The Fate of a Demon and an Angel

by Daelena



Category: Good Omens (TV), Good Omens - Neil Gaiman & Terry Pratchett
Genre: Angels, Demons, M/M, On their own side, Slow Burn, Surprise Marriage, Their wings change colors, ineffable husbands
Language: English
Status: Completed
Published: 2019-07-14
Updated: 2019-07-14
Packaged: 2020-06-27 21:41:30
Rating: Teen And Up Audiences
Warnings: No Archive Warnings Apply
Chapters: 1
Words: 3,153
Publisher: archiveofourown.org
Story URL: https://archiveofourown.org/works/19798324
Author URL: https://archiveofourown.org/users/Daelena/pseuds/Daelena
Summary: Adam Young didn't quite get everything right in Aziraphale's bookshop when he reset the world after the Not-Armageddon. While wearing the angel's face, Crowley fixes that little oversight. What happens after is not quite what the demon could have expected, but it was worth it. After all, six thousand years is too long to say "I love you."
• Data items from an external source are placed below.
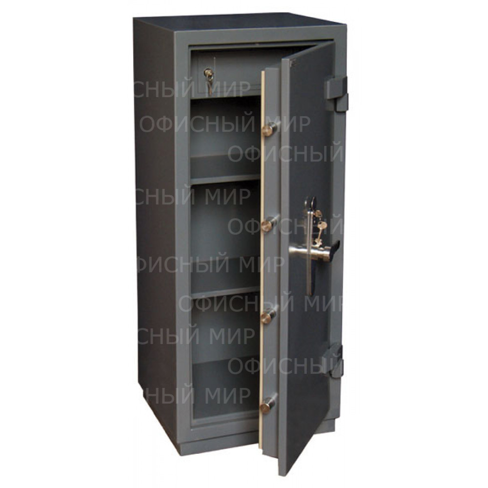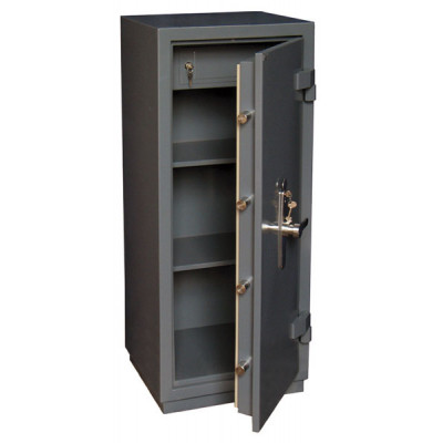 Внутри сейфа располагается отсек ограниченного доступа (трейзер), запираемый на замок «почтового» типа и 2полки. В дне сейфа предусмотрено отверстие Ø11 мм для возможности анкерного крепления его к полу. Дверь сейфа оборудована запорным механизмом с 2-х сторонней ригельной системой запирания (4 ригеля + пассивный П-образный ригель со стороны петель), который блокируется ключевым сейфовым замком класса «А» фирмы «CAWI» или «MAUER» производства Германии. Запорный механизм приводится в действие при помощи ручки. Чтобы открыть сейф необходимо: вставить ключ в замочную скважину, открыть замок и повернуть ручку на 90°. Закрывать в обратном порядке. Петли сейфа наружные, открывание двери – на 180°.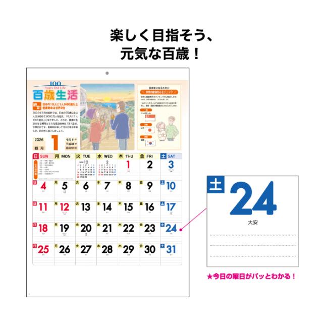 | 2026年 壁掛け 百歳生活 健康歳時記カレンダー NK63 商品詳細 | |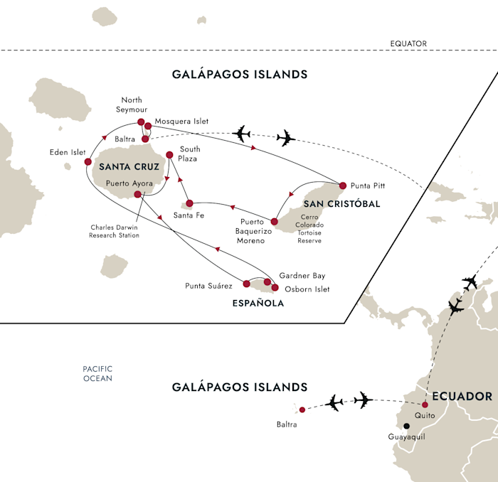 - Your flight from Baltra will be to Quito. If you wish to end your expedition in Guayaquil, please advise your booking agent

	The Fate of a Demon and an Angel

**Author's Note:**

> Disclaimer: Ha! I don’t own anything here. I’m simply playing in this sandbox for the time being. All of the toys will be given back, once I’ve finished.
> 
> This is my first Good Omens/Ineffable Husbands fic. Please be kind to me! 
> 
> The idea of this stemmed from the idea that Adam didn’t quite get everything in Aziraphale’s bookshop right when he reset the world after the Nah-Pocalypse. Given that a very specific angel didn’t actually see the bookshop until after the Great Switcheroo, I have a feeling that Crowley knew exactly what was wrong with the bookshop as soon as he walked in, wearing the angel’s face. Everything just sort of unfolded from there.  
> At any rate, please enjoy this!

The bookshop didn’t smell right. 

In the wake of the Apocalypse-That-Did-Not-Happen, Adam Young, formerly the Antichrist and possibly now just an ordinary eleven-year-boy from Lower Tadfield, had gotten pretty much everything right when he had reset the world in the wake of throwing the proverbial bird at both Heaven and Hell. To the casual observer, Aziraphale’s much-beloved bookshop looked and felt just as it had before it had burnt down. Oh, there were certain titles there that hadn’t been there prior to the End Times, but that could easily be chalked up to being the additions of an imaginative boy. 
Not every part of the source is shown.